■ Task description
Records follow. Print exactly the lines from the one that has "鶏の竜田揚げに豚の生姜焼き、卵の黄身乗せ、お肉ガッツリのメニュー!" through the one that has "建议各位玩家兑换每周限购的材", inclusive, and omit the pictures.

■ Data supplied
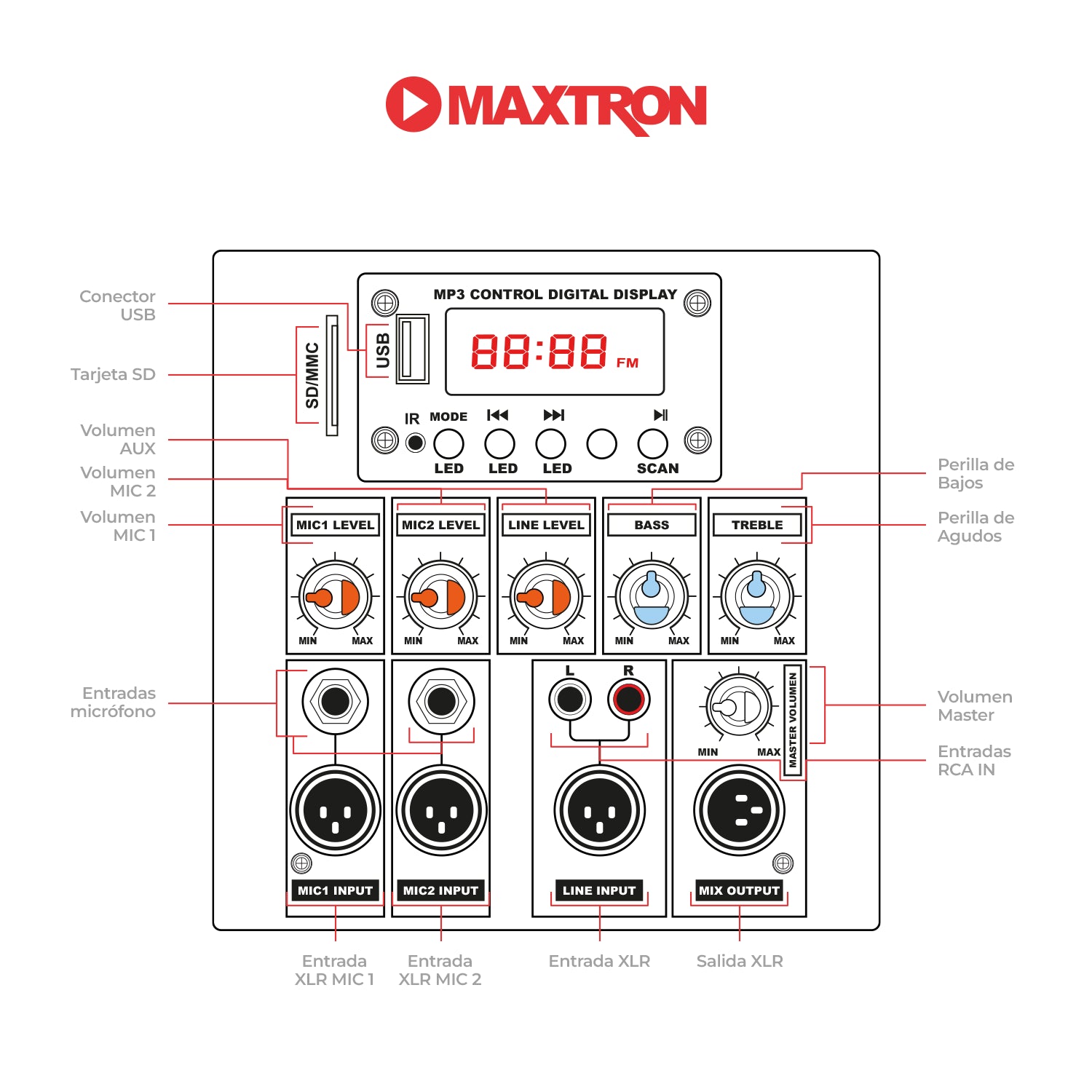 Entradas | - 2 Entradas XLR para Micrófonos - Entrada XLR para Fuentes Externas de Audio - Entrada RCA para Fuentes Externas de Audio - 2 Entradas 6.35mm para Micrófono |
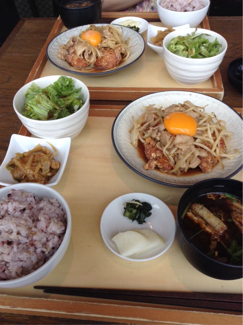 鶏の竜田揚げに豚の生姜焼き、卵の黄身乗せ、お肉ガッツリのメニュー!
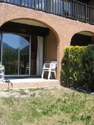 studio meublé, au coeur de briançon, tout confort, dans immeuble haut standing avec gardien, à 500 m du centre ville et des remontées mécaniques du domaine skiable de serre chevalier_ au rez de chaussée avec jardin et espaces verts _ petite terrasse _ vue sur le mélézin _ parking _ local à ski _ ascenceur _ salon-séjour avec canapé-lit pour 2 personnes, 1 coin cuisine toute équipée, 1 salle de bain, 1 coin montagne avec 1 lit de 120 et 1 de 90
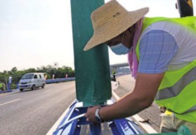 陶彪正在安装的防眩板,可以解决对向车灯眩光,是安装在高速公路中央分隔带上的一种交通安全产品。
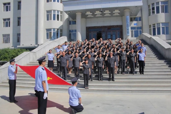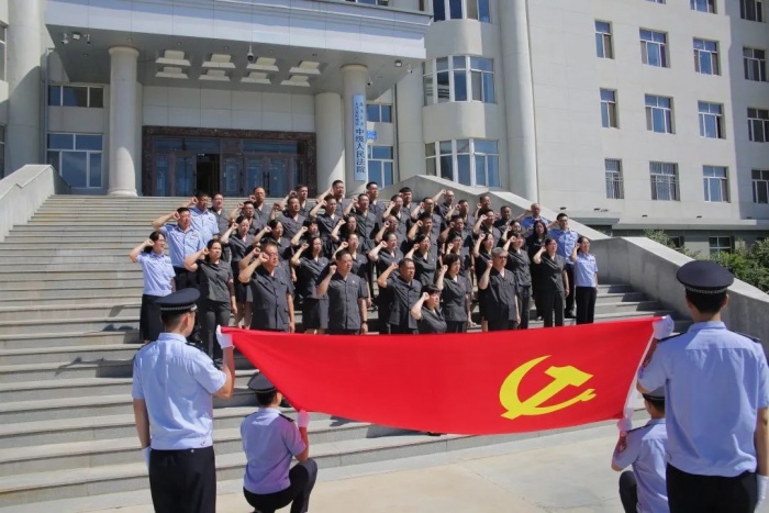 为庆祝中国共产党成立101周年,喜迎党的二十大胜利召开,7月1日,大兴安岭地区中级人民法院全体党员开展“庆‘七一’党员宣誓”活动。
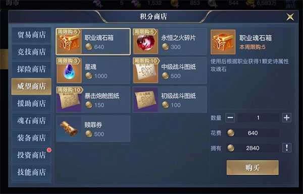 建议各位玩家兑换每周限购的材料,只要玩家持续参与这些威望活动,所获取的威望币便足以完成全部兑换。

* * *

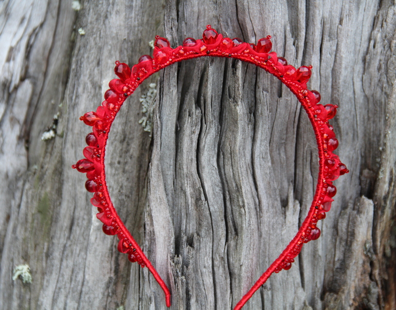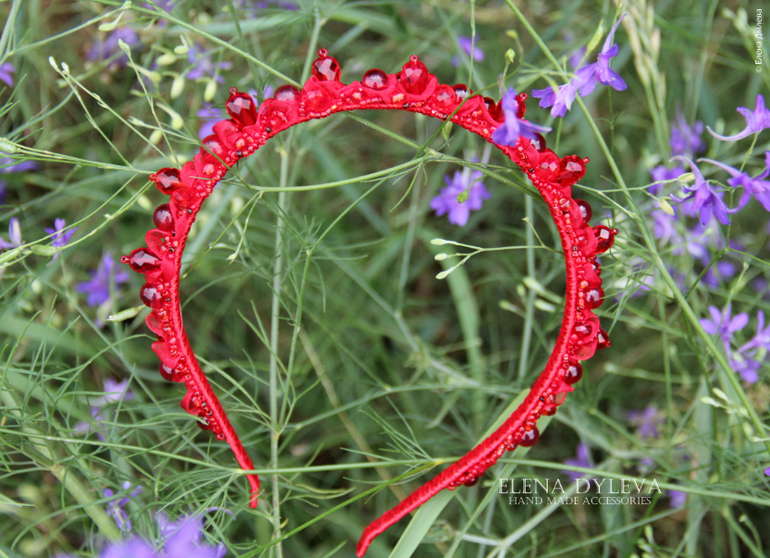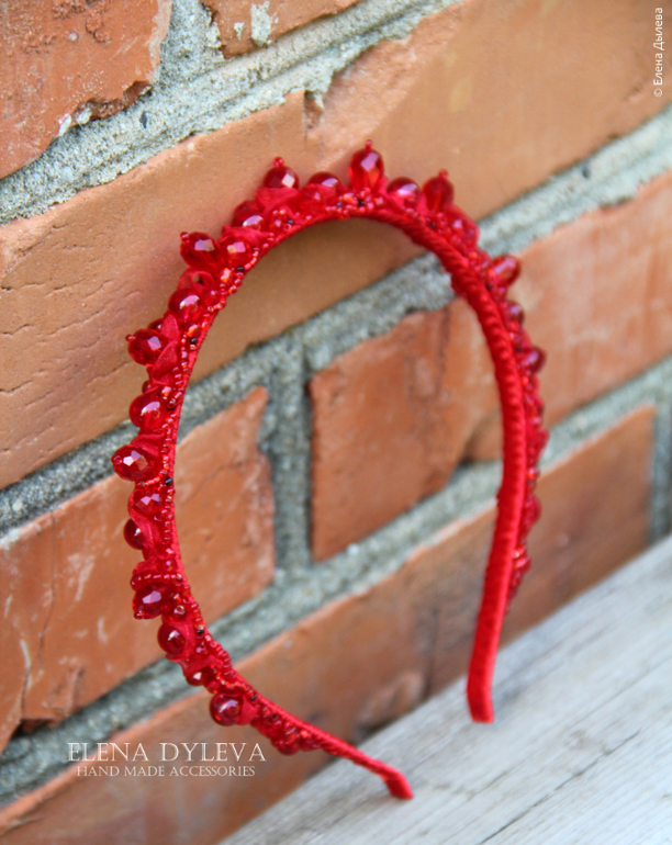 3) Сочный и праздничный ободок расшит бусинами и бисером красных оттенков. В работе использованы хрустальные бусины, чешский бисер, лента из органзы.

■ Solved problem
 鶏の竜田揚げに豚の生姜焼き、卵の黄身乗せ、お肉ガッツリのメニュー!
 studio meublé, au coeur de briançon, tout confort, dans immeuble haut standing avec gardien, à 500 m du centre ville et des remontées mécaniques du domaine skiable de serre chevalier_ au rez de chaussée avec jardin et espaces verts _ petite terrasse _ vue sur le mélézin _ parking _ local à ski _ ascenceur _ salon-séjour avec canapé-lit pour 2 personnes, 1 coin cuisine toute équipée, 1 salle de bain, 1 coin montagne avec 1 lit de 120 et 1 de 90
 陶彪正在安装的防眩板,可以解决对向车灯眩光,是安装在高速公路中央分隔带上的一种交通安全产品。
 为庆祝中国共产党成立101周年,喜迎党的二十大胜利召开,7月1日,大兴安岭地区中级人民法院全体党员开展“庆‘七一’党员宣誓”活动。
 建议各位玩家兑换每周限购的材料,只要玩家持续参与这些威望活动,所获取的威望币便足以完成全部兑换。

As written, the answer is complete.